[Task input]

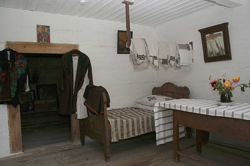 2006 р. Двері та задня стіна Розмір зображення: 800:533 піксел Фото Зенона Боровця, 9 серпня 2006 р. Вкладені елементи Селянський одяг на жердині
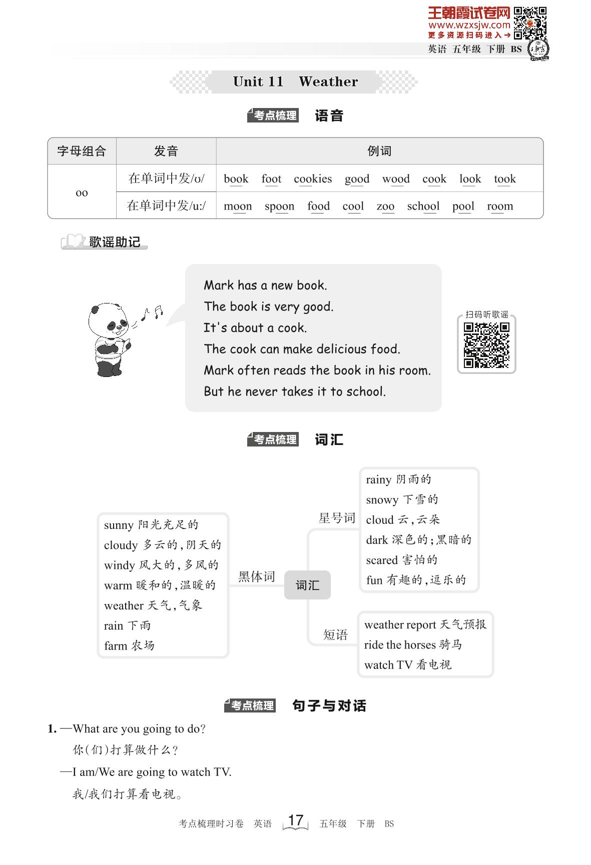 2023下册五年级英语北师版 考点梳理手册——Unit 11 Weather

[/Task input]
[Task input]

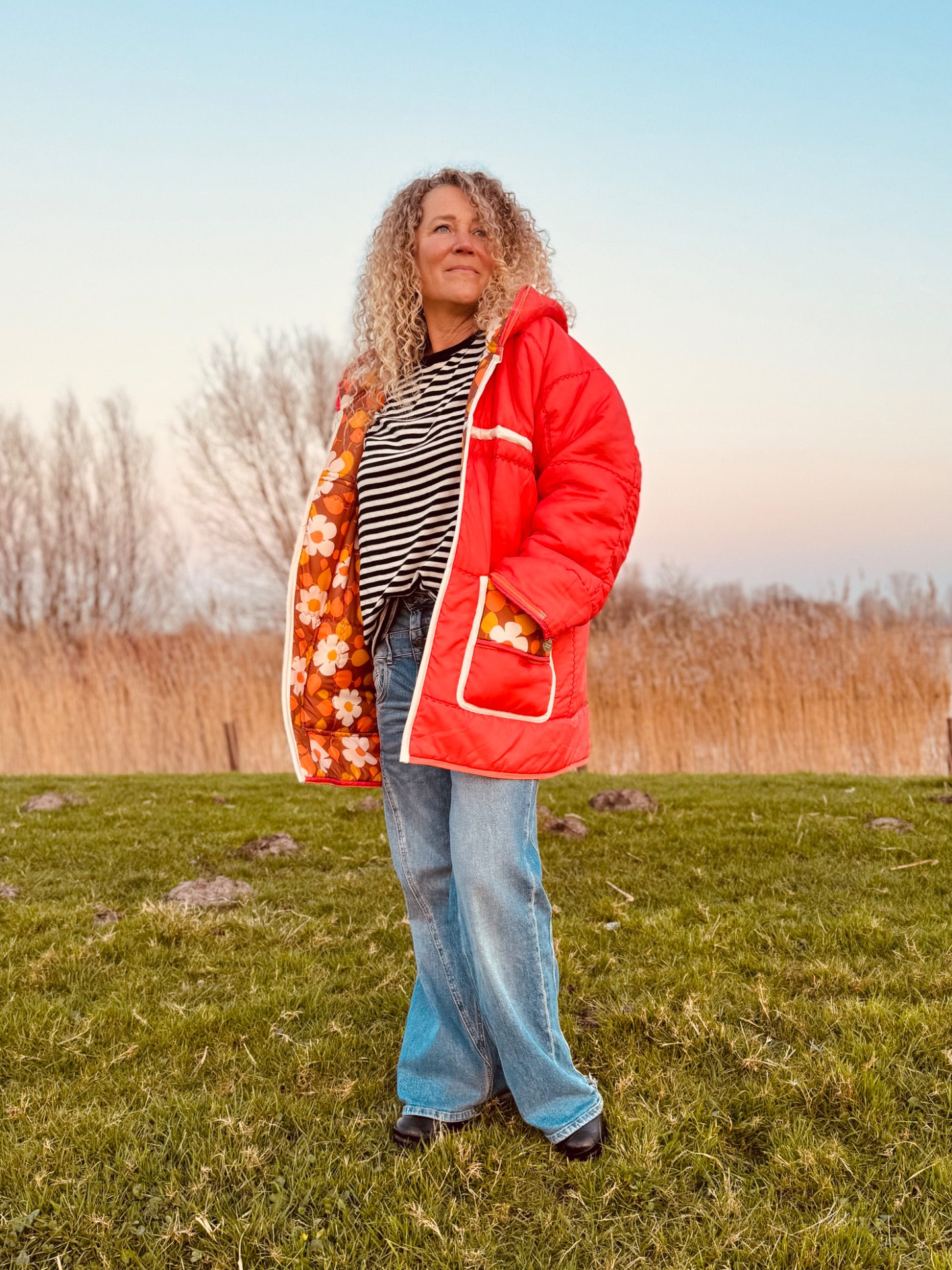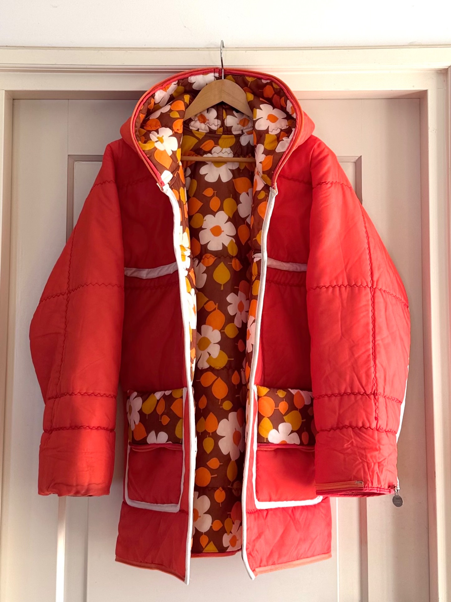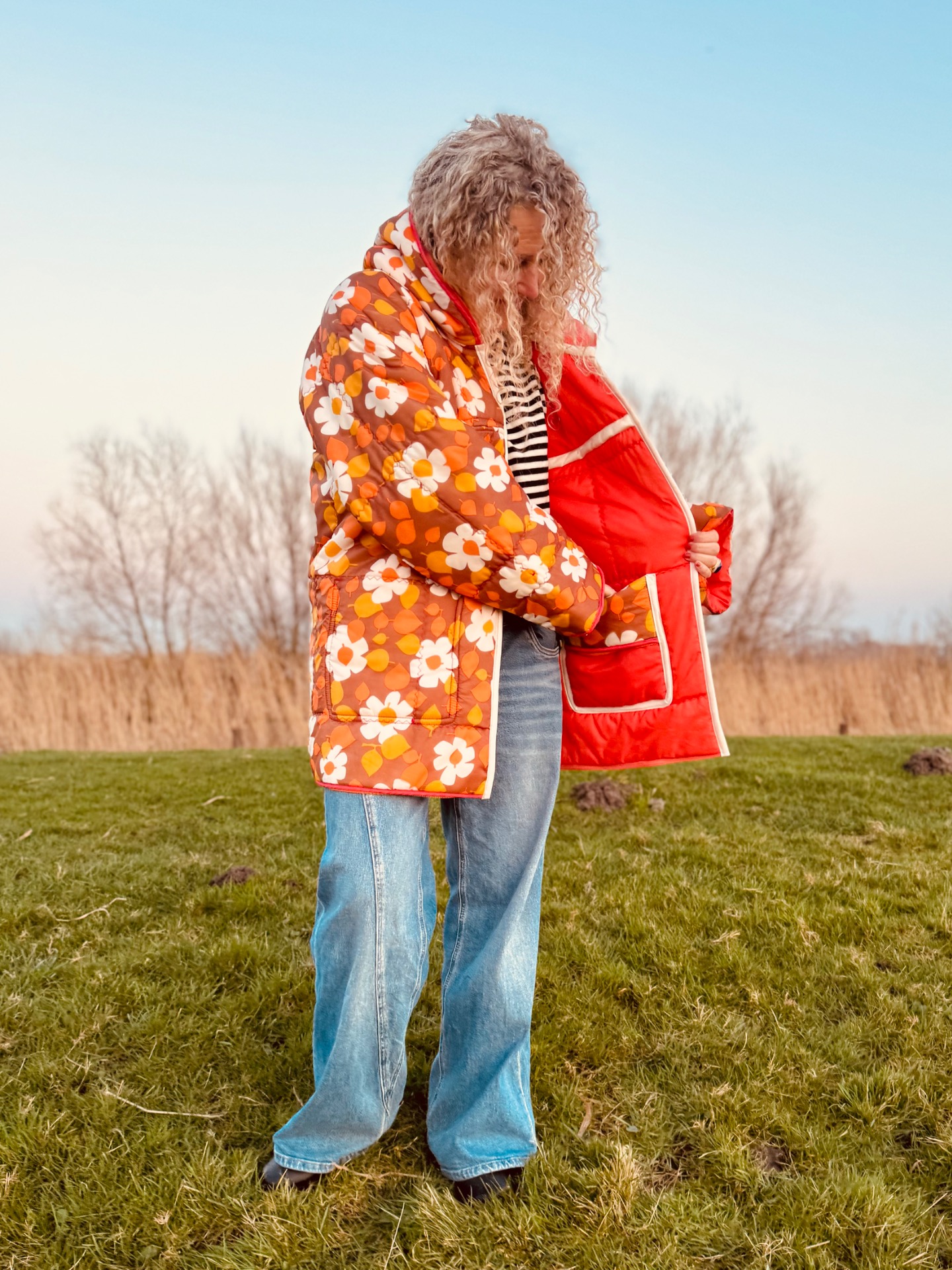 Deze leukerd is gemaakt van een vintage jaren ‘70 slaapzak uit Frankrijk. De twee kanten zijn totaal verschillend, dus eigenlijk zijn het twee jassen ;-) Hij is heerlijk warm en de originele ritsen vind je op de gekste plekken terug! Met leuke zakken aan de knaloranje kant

[/Task input]

## Brief
Set down again, exactly, every line above from the one with "2006 р. Двері" down to the one with "2023下册五年级英语北师版 考点梳理手册——Unit 11 Weather", both ends included. No pictures, and nothing else.

## Reply to the task
 2006 р. Двері та задня стіна Розмір зображення: 800:533 піксел Фото Зенона Боровця, 9 серпня 2006 р. Вкладені елементи Селянський одяг на жердині
 2023下册五年级英语北师版 考点梳理手册——Unit 11 Weather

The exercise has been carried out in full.